Większość ludzi jest zdezorientowana globalnym kryzysem energetycznym, podczas którego ceny ropy, gazu i węgla jednocześnie gwałtownie rosną, powodując nawet zamknięcie głównych zakładów przemysłowych, takich jak chemikalia, aluminium czy stal. UE upiera się, że wszystko jest spowodowane działaniami militarnymi Putina i Rosji na Ukrainie.
Nie o to chodzi.
Kryzys energetyczny to długo planowana strategia zachodnich kręgów korporacyjnych i politycznych mająca na celu demontaż gospodarek przemysłowych w imię dystopijnej Zielonej Agendy .
Ma to swoje korzenie w okresie na długo przed lutym 2022 r., kiedy Rosja rozpoczęła akcję militarną na Ukrainie.
Blackrock naciska na ESG
W styczniu 2020 r., w przededniu wyniszczających gospodarczo i społecznie blokad związanych z pandemią, dyrektor generalny największego na świecie funduszu inwestycyjnego, Larry Fink z Blackrock, wystosował list do współpracowników z Wall Street i dyrektorów generalnych korporacji w sprawie przyszłości przepływów inwestycyjnych. W dokumencie skromnie zatytułowanym „Fundamentalne przekształcenie finansów” Fink, zarządzający największym na świecie funduszem inwestycyjnym, zarządzającym wówczas około 7 bilionami dolarów, ogłosił radykalne odejście od inwestycji korporacyjnych. Pieniądze stałyby się „zielone”. W swoim uważnie obserwowanym liście z 2020 r. Fink oświadczył:
„W najbliższej przyszłości – i wcześniej, niż większość przewiduje – nastąpi znacząca realokacja kapitału… Ryzyko klimatyczne to ryzyko inwestycyjne”. Dalej stwierdził: „Każdy rząd, firma i akcjonariusz musi stawić czoła zmianom klimatycznym”.

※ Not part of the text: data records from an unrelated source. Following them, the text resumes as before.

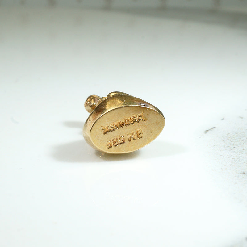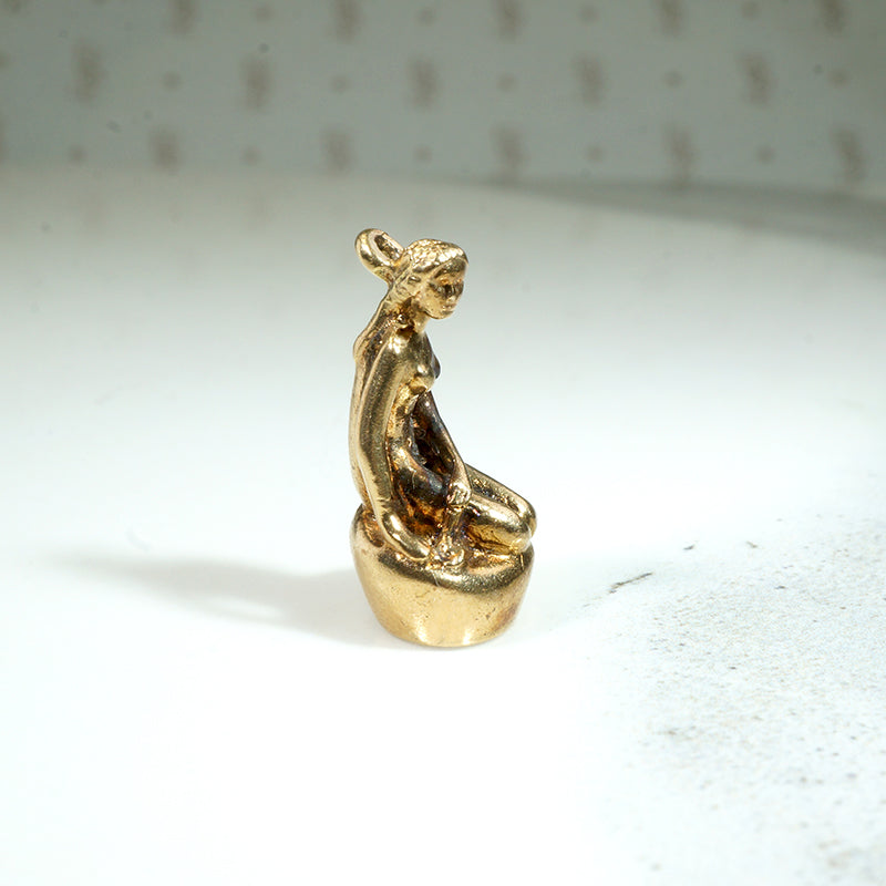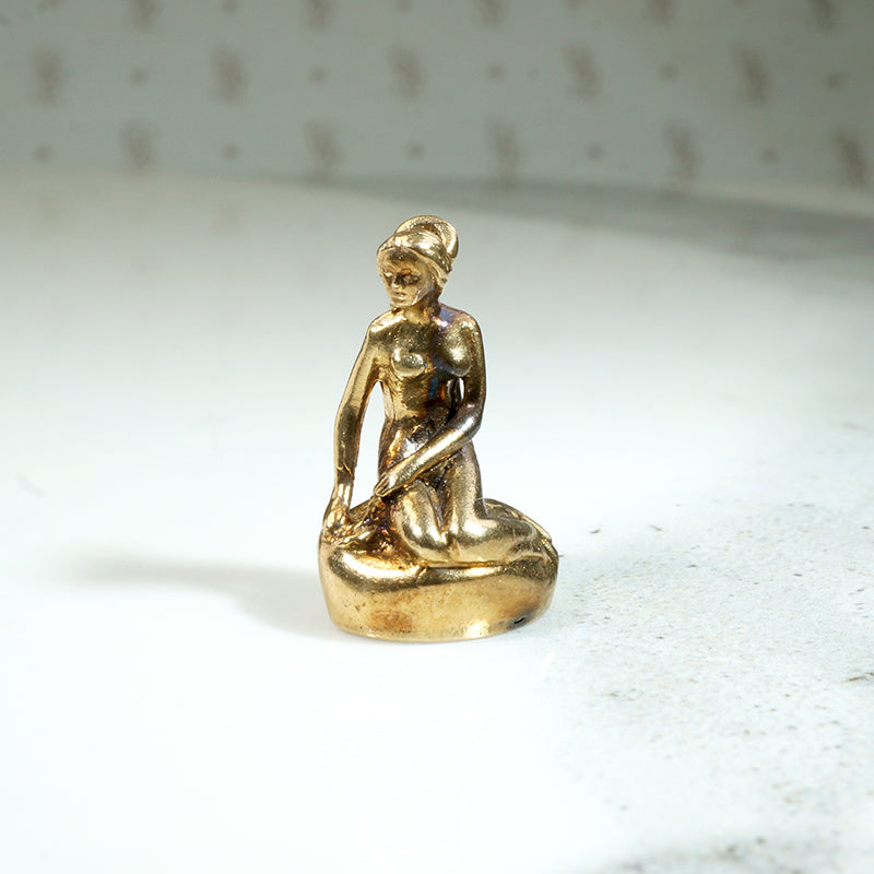 A miniature reproduction of Copenhagen's Little Mermaid statue, cast in 14k gold. The three-dimensional charm is weighty, with a buttery feel. A 14k gold split ring has been added to the bale, making the charm easy to add to a necklace or bracelet. The base of the charm is stamped "BH 585 Denmark" for maker Bernhard Hertz. Circa 1950.
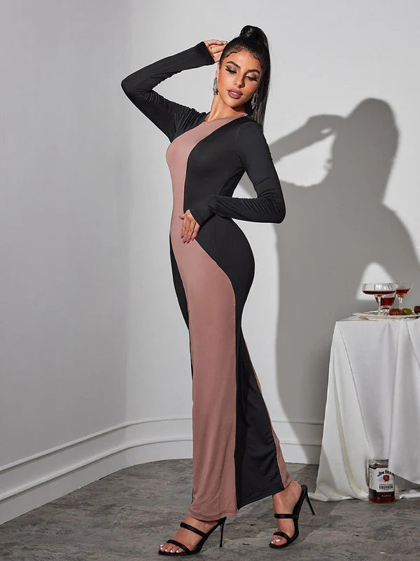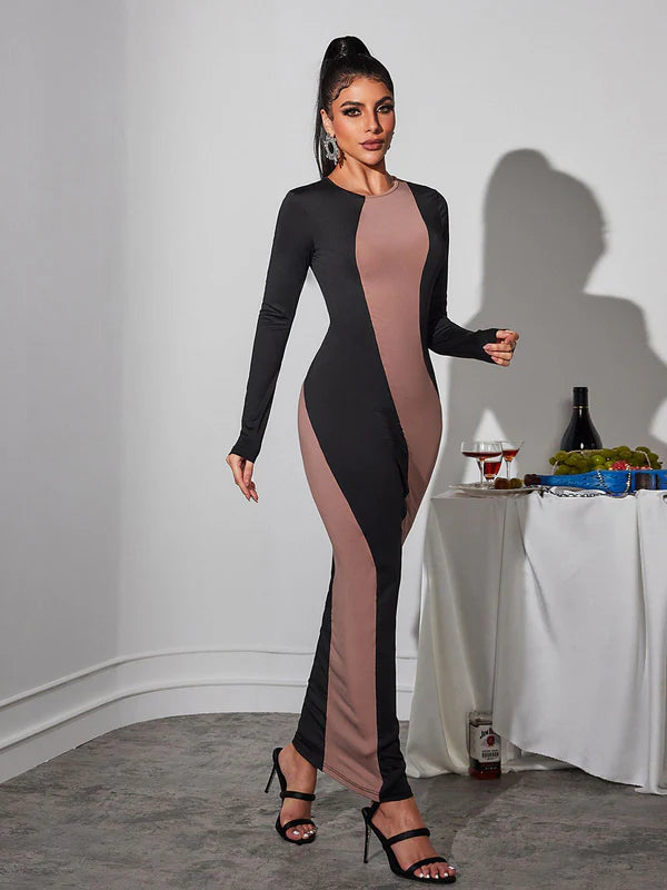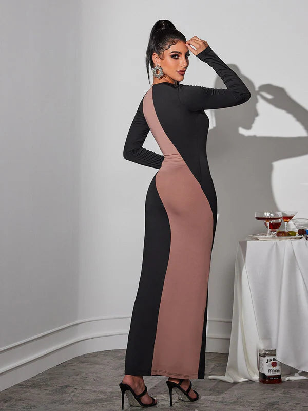 This color clashing round neck wrap dress is a bold fashion statement. Its unique color combination and wrap style add a touch of flair to your wardrobe, making it perfect for making a statement at any event.
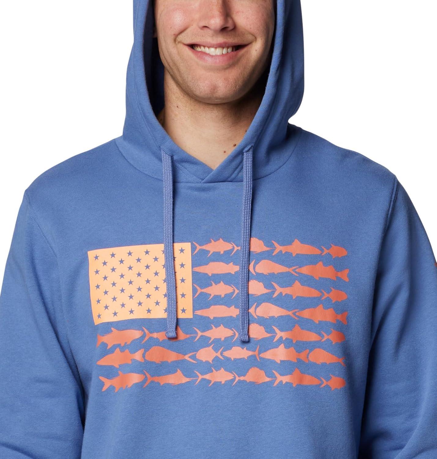 Columbia Men’s PFG Fish Flag Ii Hoodie(Bluebell/Faded Peach Usa)
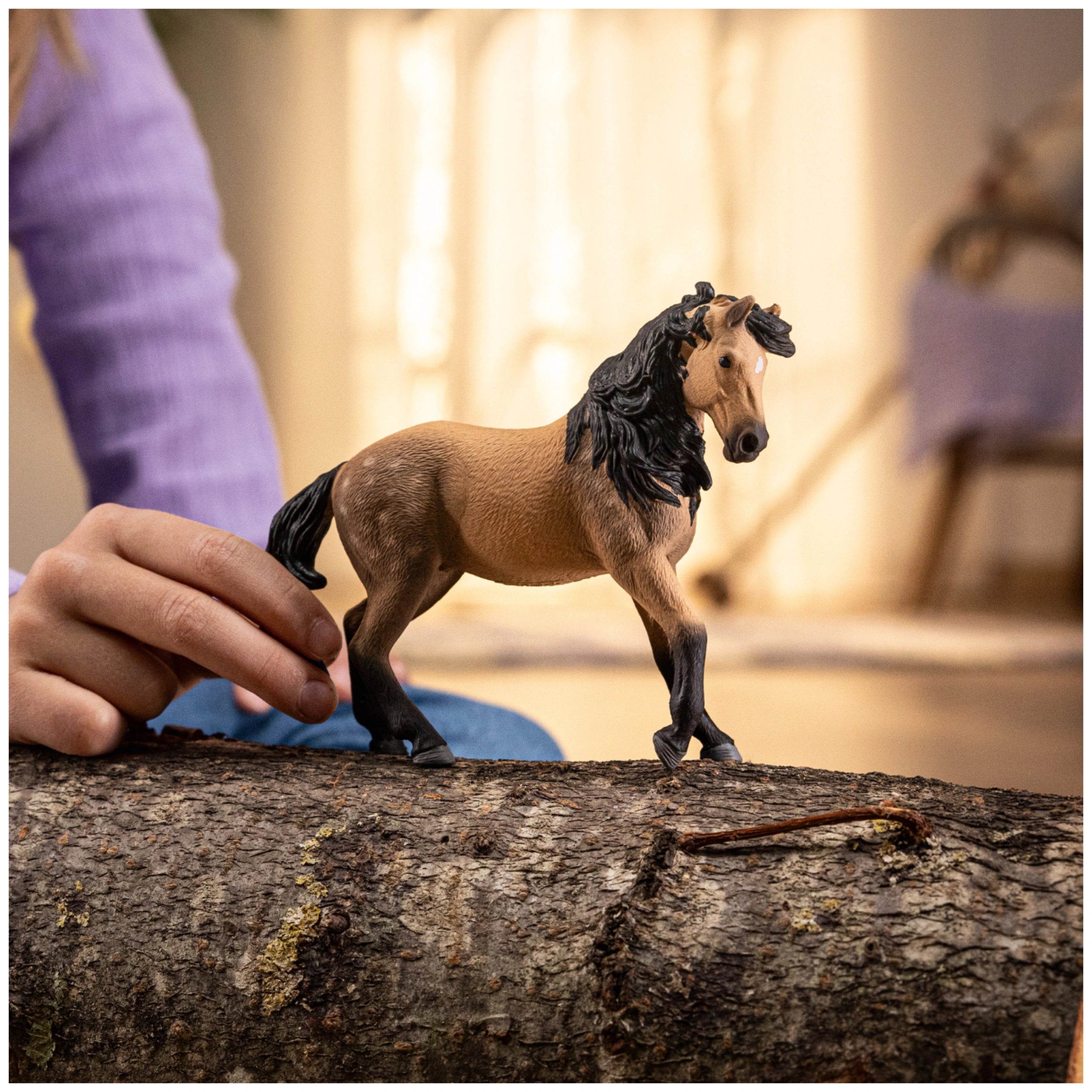 Introducing the Schleich - Horse Club - Andalusian Mare - Action & Toy Figures - 14894, a stunning addition to any child's toy collection that embodies elegance and playfulness. This beautifully crafted figure showcases the Andalusian mare, known for her striking fawn coat that contrasts beautifully with her dark brown flanks adorned with light spots. The intricate details, from her thick black mane to her lush tail, make this mare a true eye-catcher. The bright white, star-shaped blaze on her forehead adds a charming touch, ensuring that she stands out in any setting.
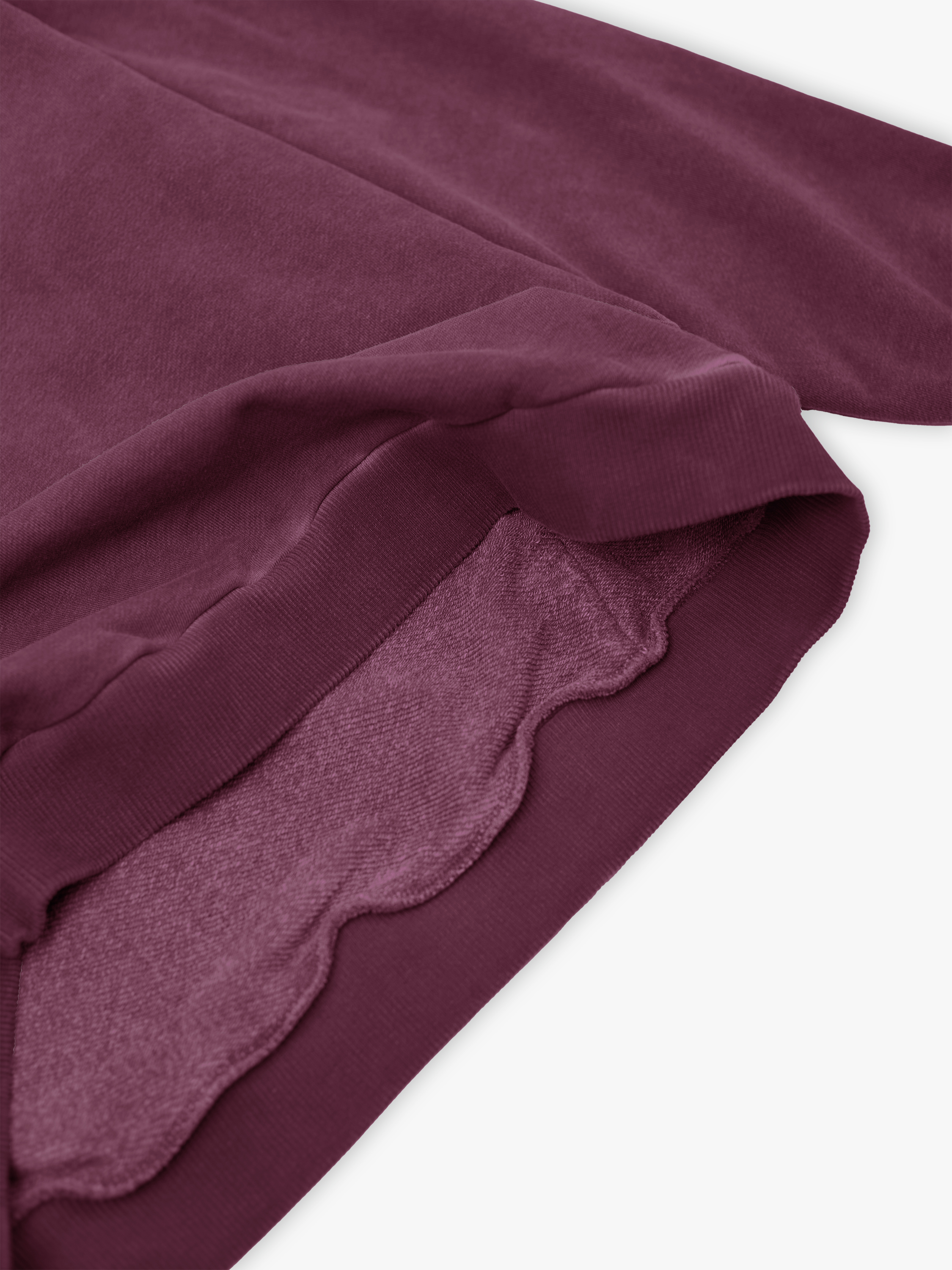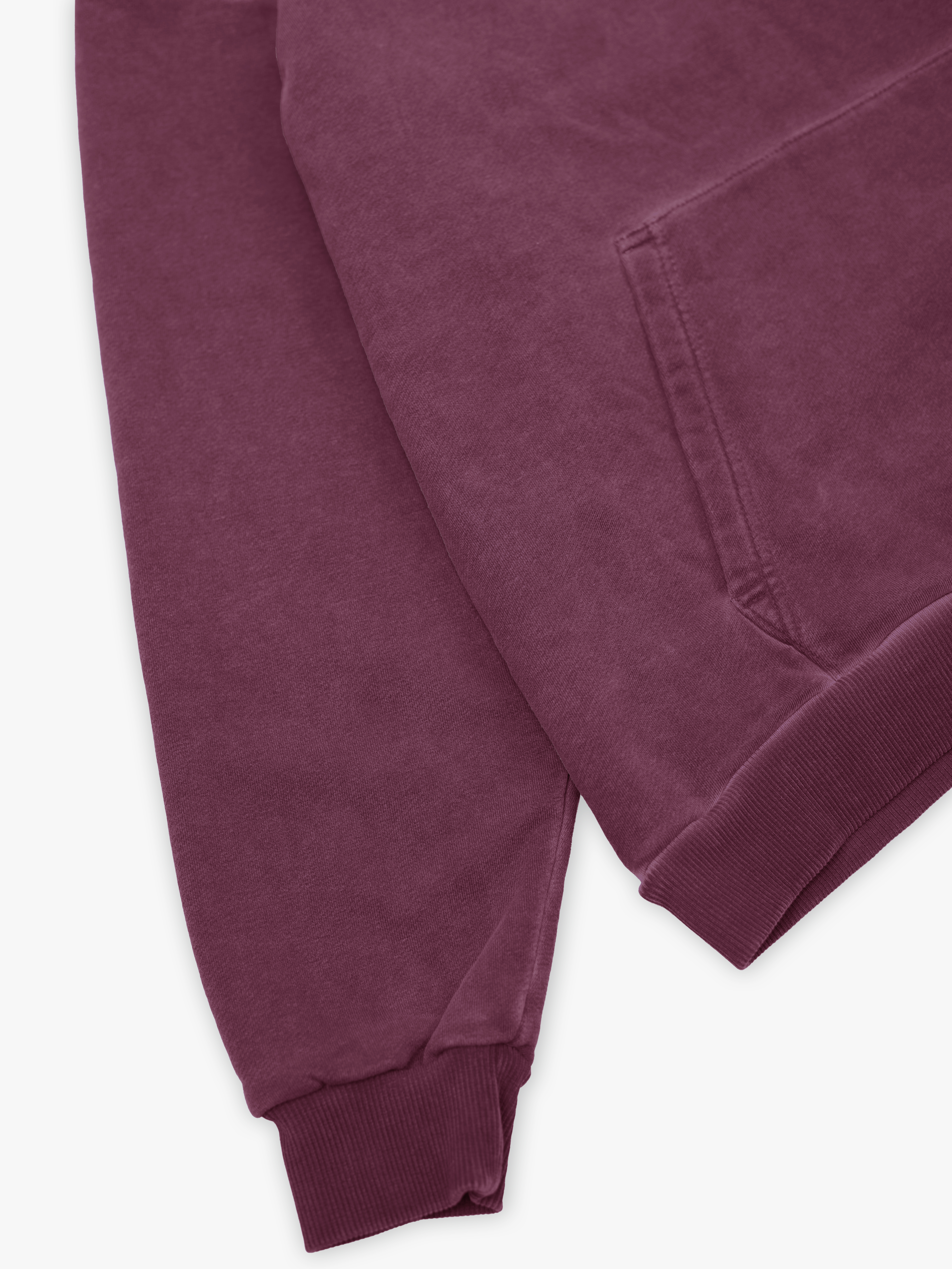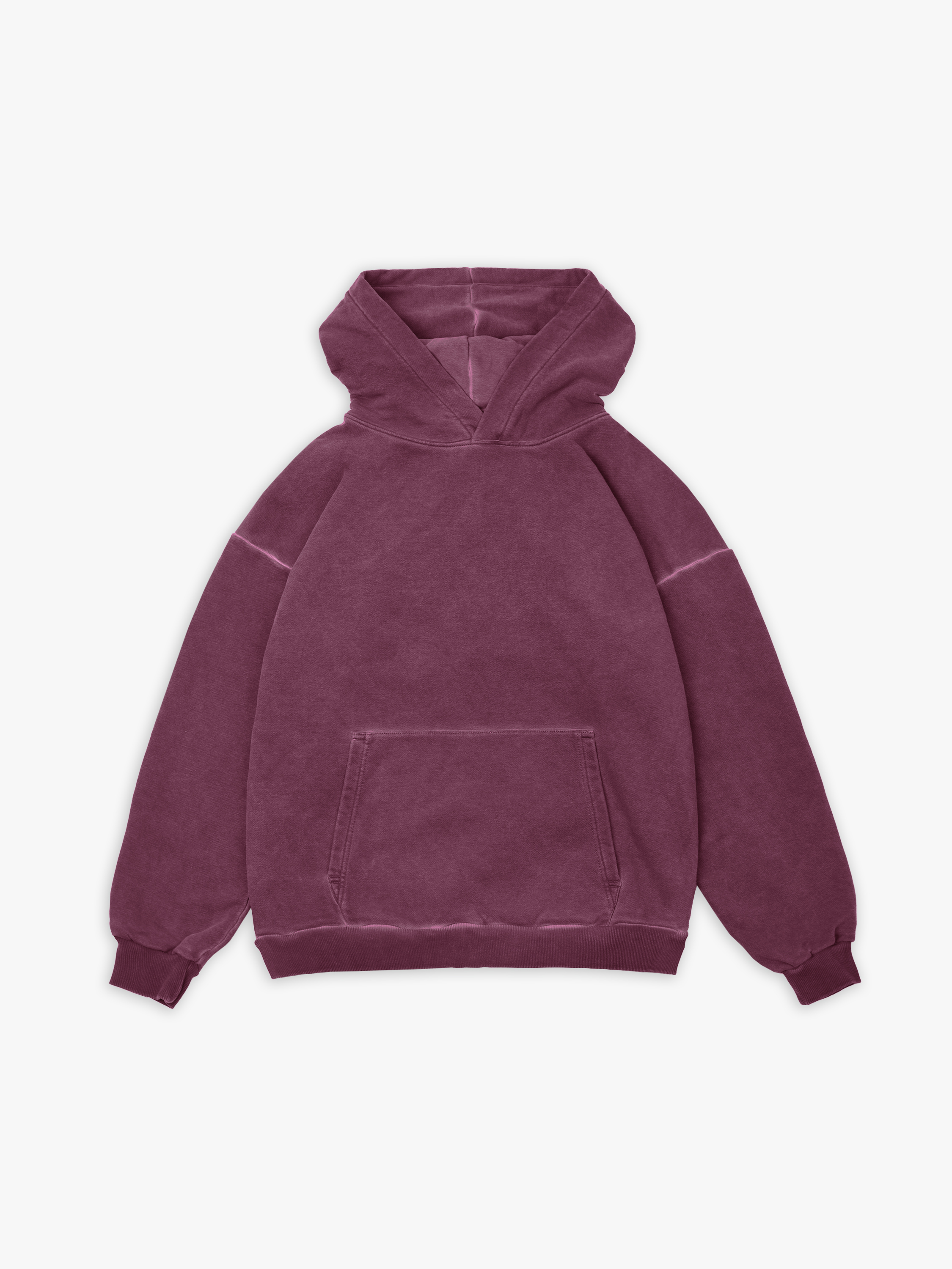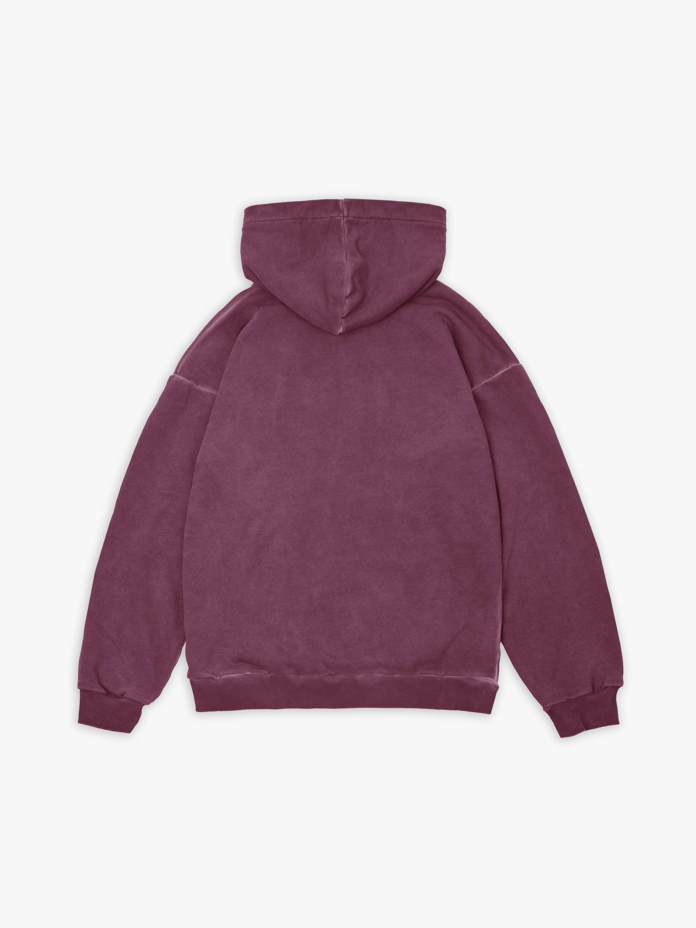 Худи полимерного крашения. Бордовый оттенок получился путем крашения готового изделия белого цвета, под высокой температурой. Текстура худи неравномерная, с естественным локальным эффектом непрокрашенности.

W osobnym piśmie skierowanym do klientów-inwestorów Blackrock Fink przedstawił nowy program inwestowania kapitałowego. Zadeklarował, że Blackrock wyjdzie z niektórych inwestycji wysokoemisyjnych, takich jak węgiel, największe źródło energii elektrycznej dla wielu krajów. Dodał, że Blackrock będzie sprawdzał nowe inwestycje w ropę, gaz i węgiel, aby określić, czy są one zgodne z „zrównoważonym rozwojem” Agendy ONZ 2030.
Fink dał jasno do zrozumienia, że największy fundusz na świecie zacznie wycofywać się z ropy, gazu i węgla. „Z biegiem czasu” – napisał Fink – „firmy i rządy, które nie reagują na interesariuszy i nie zajmą się zagrożeniami dla zrównoważonego rozwoju, spotkają się z rosnącym sceptycyzmem ze strony rynków, co z kolei spowoduje wyższy koszt kapitału”. Dodał, że „zmiany klimatyczne stały się czynnikiem decydującym o długoterminowych perspektywach przedsiębiorstw… jesteśmy o krok od zasadniczej zmiany kształtu finansów”.
Od tego momentu tak zwane inwestowanie w ESG, penalizujące firmy emitujące CO2, takie jak ExxonMobil, stało się modne wśród funduszy hedgingowych i banków z Wall Street oraz funduszy inwestycyjnych, w tym State Street i Vanguard. Taka jest moc Black Rock. Finkowi udało się także pozyskać czterech nowych członków zarządu ExxonMobil, którzy zobowiązali się do zakończenia działalności firmy w zakresie ropy i gazu.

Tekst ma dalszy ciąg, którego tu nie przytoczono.